Child Abuse Story From Lighthouse
by Lighthouse
(San Antonio, Texas, USA)
I am 36 years old and I am a victim of child abuse. Not only physically, emotionally and mentally, but also sexually. My abuse started when I was adopted at the age of 5 years old and continued until I was about 16. Here is my story.
One night, when I was 5 just getting familiarized with my new family, my mom decided to go play bingo with my grandma, leaving me and my two step sisters with my dad. We lived in an efficiency apartment that had one room, bathroom and kitchen for a family of five. Pretty small.
That night I woke up to go to the bathroom and my dad is sitting in bed watching TV. He tells me that I looked sick and that he needed to check me. I told him that I was fine and tired just wanted to go back to bed. He would say that he knew what to do to make me feel better. Next thing I know he was laying me down on the bed. He kept telling me that he was going to be my doctor and that I couldn't tell Mom. He started touching me over my panties, then would grab my hand to caress his privates. I started crying when he started taking off my panties. What happened next should have never happened to a child. He started kissing my privates then he placed his fingers inside me. I kept telling him to stop because I was going to tell Mom, and he finished right as he saw the lights to my mom's car pull up the driveway. Then he tucked me into bed like nothing happened.

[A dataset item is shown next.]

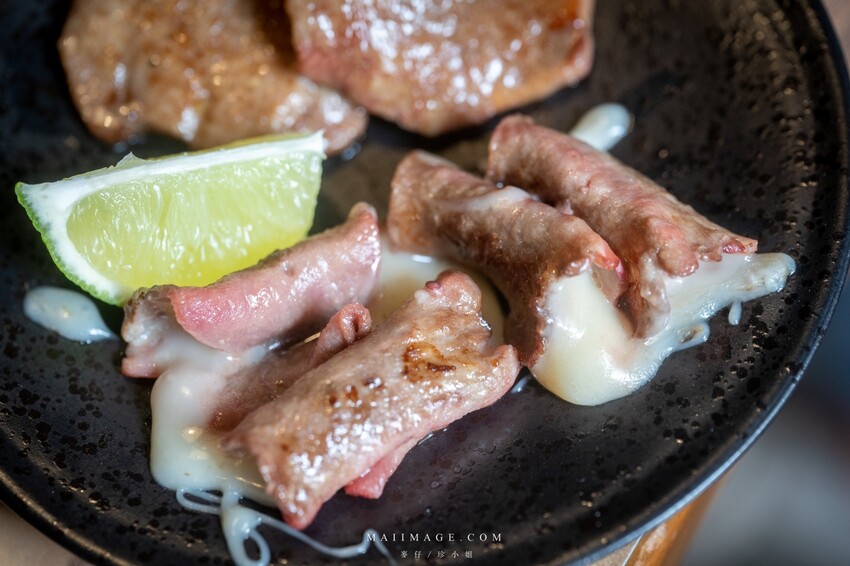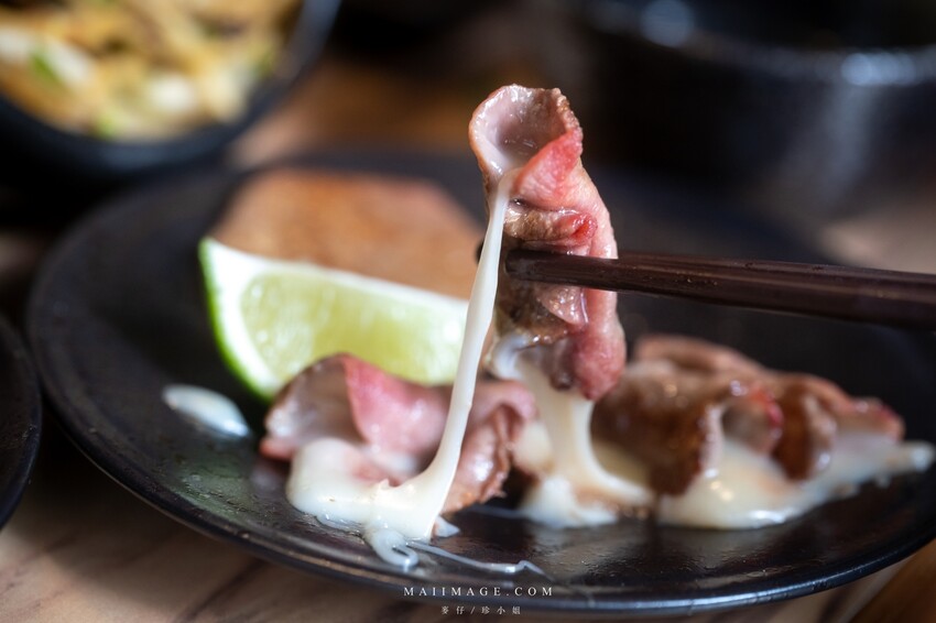 ▲牛舌包著軟化的起司這牽絲的畫面實在太誇張,牛舌特有的油脂香氣再加上起司的濃郁奶香,兩種香氣在嘴裡化開這真的太開心,這時心裡只想要老闆再來一盤。
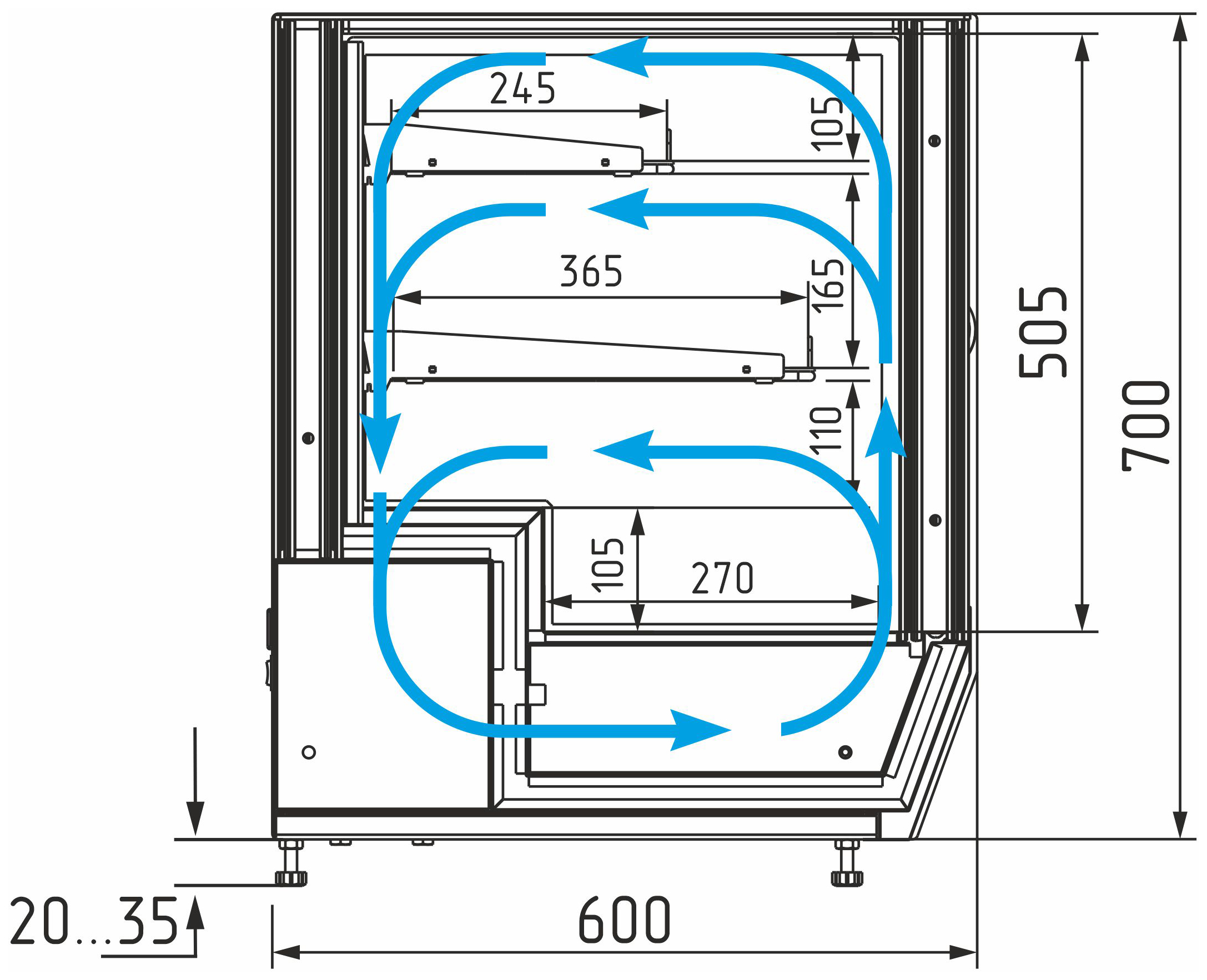 Максимальная высота выкладки продуктов: на нижнем поддоне — до 150 мм, на полках— до 100 мм.

The next day I knew that it was ok to tell someone because I was raised by foster parents who taught me not to be afraid and that if anyone hurt me to tell someone. So I ran to my mom and I told her everything that happened. She confronted him and he raised hell, started breaking things in the house, calling me every name in the book. He said that I didn't know what I was talking about; and the sad thing was that my mom believed him. Ever since that day it became a habit, almost every other day or night, he would walk over to my bed and feel all over me. When I would take my showers he would get the wash cloth and bathe me, touching me all over.
The sexual abuse didn't stop with him: My grandpa, and I had three uncles that somehow got a kick out of molesting me. No one believed me.
Growing up as a teenager things only got worse. My dad would see me coming into a room and he would have his pants down, playing with himself making these sexual moans toward me. My uncles would grab me and kiss me, feeling my body. I had one uncle that literally almost raped me, and I cried for help but no one would listen to me. So finally I gave up, what happened happened. I just came to the conclusion that since I wasn't blood to these people it didn't matter that I was being hurt. I held all this in until I finally ran away from home at the age of 18.
Still today I live the painful memories of my childhood. It wasn't only sexual, but physical, emotional, and mental. I still call these people Mom and Dad and I still talk to them. I can't forgive him and the others for what they have done to me, but I am trying to forget.
I now have children of my own and thank god that they are all boys, because I do believe that if I were to have had a girl and someone were to have done to her what was done to me I would have killed that person no matter what the cost.